First I sent NULL as local parameter when called clEnqueueNDRangeKernel.
clEnqueueNDRangeKernel(command_queue, kIntersect, 1, NULL, &global, null, 2, &evtCalcBounds, &evtKernel);
After trying many things i saw that if i send 1 as local it is working good. and returning the same results for the cpu and gpu.
size_t local = 1;
clEnqueueNDRangeKernel(command_queue, kIntersect, 1, NULL, &global, &local, 2, &evtCalcBounds, &evtKernel);
Played abit more and found that the cpu returns false result when i run the kernel with local 8 or more (for some reason).
I'm not using any local memory, just globals and privates.
I didn't added the code because i think it is irrelevant to the problem (note that for single work group it is working good), and it is long.
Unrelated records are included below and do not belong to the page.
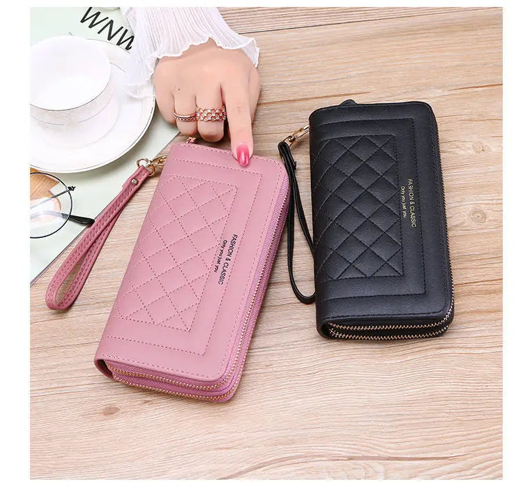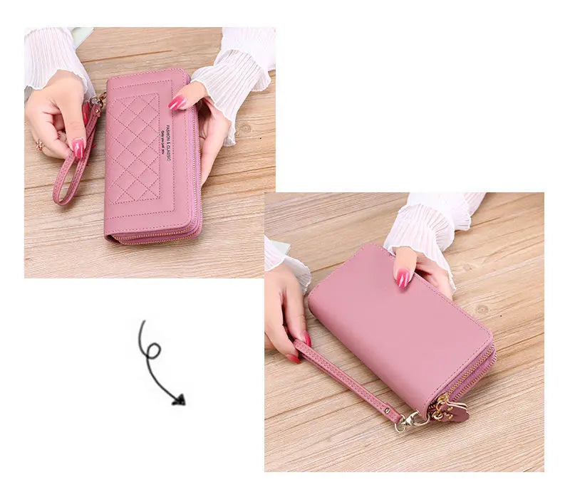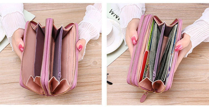 This stylish long wallet is more than just a cardholder; it's a luxurious all-in-one accessory. Designed with dual zippers, it features secure compartments for cash, coins, cards, and even your phone. Made from premium PU leather, this clutch exudes elegance and refinement, making it an essential companion for women on the go.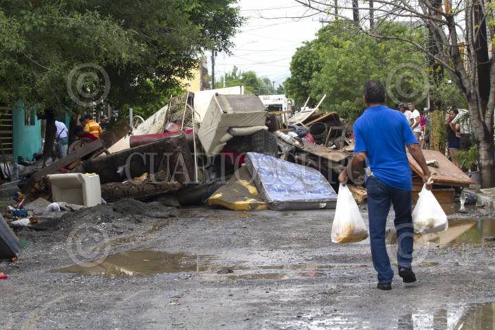 SAN NICOLÁS DE LOS GARZA, NUEVO LEÓN, 05SEPTIEMBRE2019.- Más de 30 casas resultaron afectadas por el desbordamiento del arroyo Topo Chico, debido a las lluvias provocadas por la Tormenta Tropical "Fernand" que arribó a Tamaulipas y Nuevo León el martes por la noche. Las familias afectadas fueron evacuadas de sus casas la noche del miércoles. Los niveles de agua alcanzaron más del metro de altura en algunos puntos. FOTO: GABRIELA PÉREZ MONTIEL /CUARTOSCURO.COM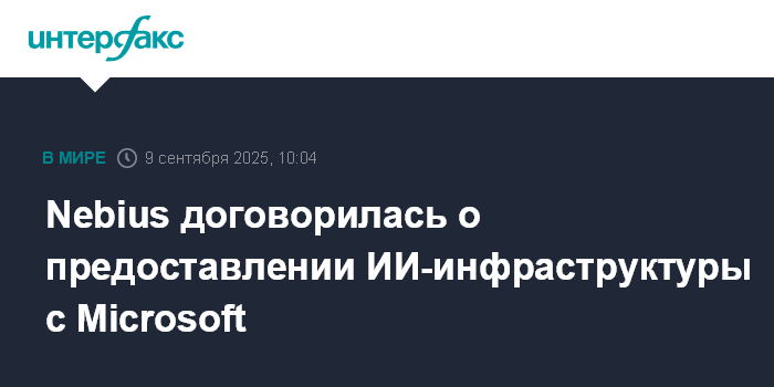 Москва. 9 сентября. INTERFAX.RU - Nebius Group Аркадия Воложа договорилась о предоставлении инфраструктуры в сфере искусственного интеллекта (ИИ) корпорации Microsoft. Как говорится в сообщении Nebius, условия соглашения предполагают, что с конца 2025 года компания начнет предоставлять Microsoft мощности, оснащенные графическими процессорами, в своем новом дата-центре в Вайнленде (Нью-Джерси).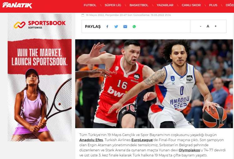 Ο εκπρόσωπός μας, Εργκίν Αταμάν κέρδισε τον Έλληνα γίγαντα Ολυμπιακό με 77-74 στον αγώνα που διεξήχθη στο Βελιγράδι. Η Εφές πέρασε στον τελικό για τρίτη συνεχόμενη χρονιά, δίνοντας στον τουρκικό λαό διπλό γλέντι στις 19 Μάη».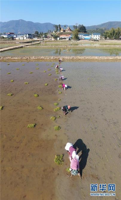 云南省勐海县勐遮镇曼扫村村民在栽插水稻(2月13日摄)。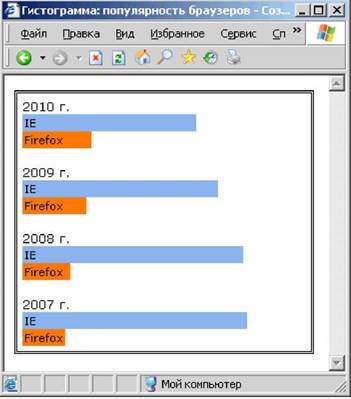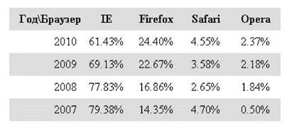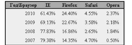 6) На основе данных о популярности браузеров за 2010 год создайте столбчатую диаграмму (гистограмму). Пример показан на рис. 11.
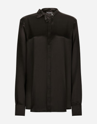 The Holiday collection is an extraordinary story that brings together two worlds: Dolce&Gabbana and the great stars from Hollywood’s Golden Age, who were recognized and admired for their wonderful dresses and extraordinarily glamorous looks. The designers are reinventing and making us dream in front of tailored pieces with breathtaking elegance and visual impact, a sparkling mood that will give everyone a modern, recognizable and unique allure on any occasion. Satin shirt with bow-tie detailing: • Black • Round neck with attached bow tie • Long sleeves • Regular fit • Unlined • Covered placket fastening • The piece measures 80 cm from the center back on a size IT 40 • The model is 175 cm tall and wears a size IT 40 • Made in Italy External composition: 100% Silk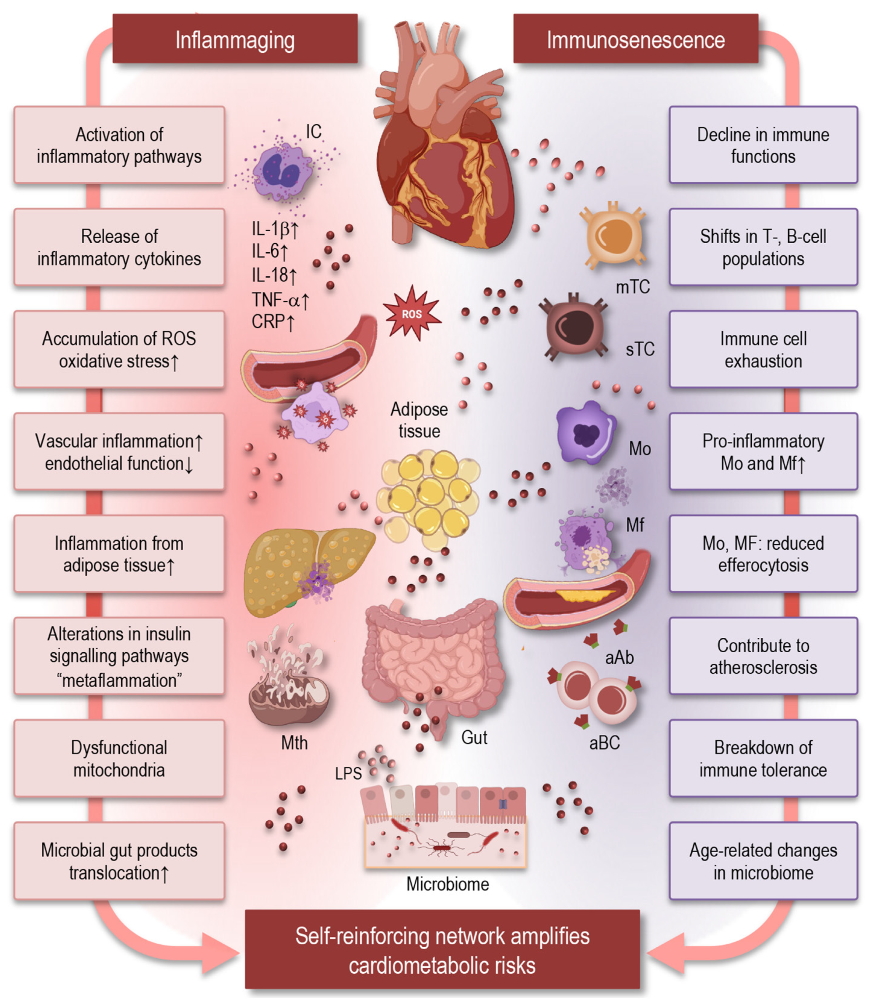 - Müller, L.; Di Benedetto, S. Inflammaging, immunosenescence, and cardiovascular aging: Insights into long COVID implications. Front. Cardiovasc. Med. 2024, 11, 1384996. [Google Scholar] [CrossRef]

If it is needed, i will try to simplify it.
The code flow is going like this:
I have polylines coordinates stored in a big buffer. and the single polygon in another. In addition i'm providing another buffer with single int that holds the current results count. All buffers are __global arguments.
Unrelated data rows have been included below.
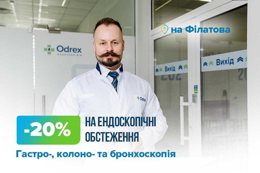 Odrex на Філатова дарує -20% на ендоскопічну діагностику (новини компаній)Січень – це той час, коли варто потурбуватися про здоров’я шлунково-кишкового тракту, оскільки важка їжа та переїдання на свята не найкращим чином позначаються на його стані. Саме тому Багатопрофільна лікарня Odrex на Філатова дарує 20% знижку* на ендоскопічну діагностику – акція триватиме протягом усього січня. Дослідження проводить хірург та ендоскопіст вищої категорії Дмитро Корчовий. Які процедури можна зробити зі знижкою? • Гастроскопія – діагностика верхнього відділу шлунково-кишкового тракту (стравоходу, шлунка та кишківника). • Колоноскопія – дослідження товстої та прямої кишки. В якості скринінгу процедура показана всім після досягнення 40 років. • Бронхоскопія – дослідження слизової оболонки гортані, трахеї та бронхів. Для зручності пацієнтів в Odrex є можливість провести гастроскопію та колоноскопію комплексно. Також усі три дослідження можна проводити під медикаментозним сном – це набагато комфортніше і для пацієнта, і для лікаря. Багатопрофільна лікарня Odrex на Філатова – новий медичний центр в Одесі, який надає первинну, вторинну та третинну допомогу.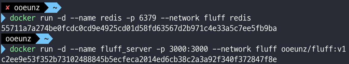 위의 예시에선 redis와 fluff_server 두개의 컨테이너를 배포하였습니다.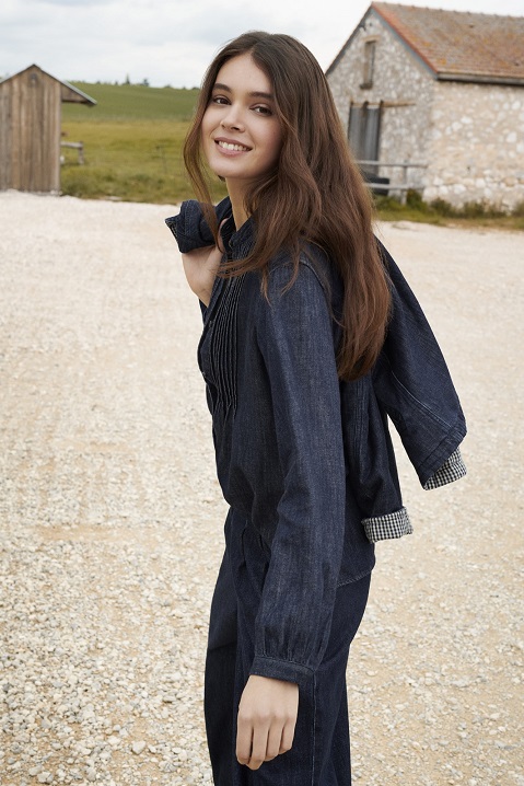 Per la collezione autunno/inverno 2023, Ines ritorna alle radici che hanno definito in origine il suo stile. Il workwear, di uso quotidiano in Francia all’inizio del XX secolo, aveva una funzione pratica che conferiva ai capi uno stile pulito e minimalista, che piace tanto a Ines e spiega perché è parte integrante del suo guardaroba. I vestiti realizzati con materiali naturali come il cotone e la lana, sono perfetti per essere indossati tutti i giorni. Il denim, che si dice abbia avuto origine nella regione di Nîmes nel sud della Francia, è un materiale chiave per questa collezione, utilizzato oltre che nei jeans, anche in vestiti, giacche e camicie. Gli articoli di maglieria hanno una palette di sfumature tra l’arancione e il rosso che evoca la natura.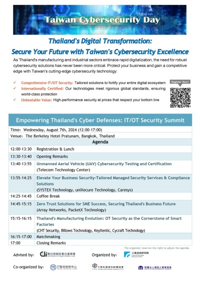 Subscribe ‘Taiwan Cybersecurity Day’ will be held on August 7 (Wednesday) afternoon at The Berkeley Hotel Pratunam in Bangkok. The event will feature presentations from internationally acclaimed Taiwanese cybersecurity firms like CHT Security, Billows Technology, KeyXentic, Cycraft Technology, Array Networks Taiwan, PacketX Technology, SYSTEX Corporation, uniXecure Technology Corporation. They’ll share insights on zero trust solutions, OT cybersecurity technology, professional cybersecurity management and detection services, etc. Invitations have been extended to exchange ideas with government officials, corporate executives, technical experts, and academic representatives. The event invites all interested in cybersecurity issues to join us in exploring how to maintain competitiveness and information security in the digital age. For more event details, please refer to the event page: https://reurl.cc/XG7KGD.

In the kernel i'm simply checking intersection between all the lines of the "polyline[get_global(0)]" with the lines of the polygon. If true,
i'm using atomic_inc for the results count. There is no read and write memory from the same buffer, no barriers or mem fences,... the atomic_inc is the only thread safe mechanism i'm using.
-- UPDATE --
Added my code:
I know that i can maybe have better use of open cl functions for calculating some vectors, but for now, i'm simply convert code from my old regular CPU single threaded program to CL. so this is not my concern now.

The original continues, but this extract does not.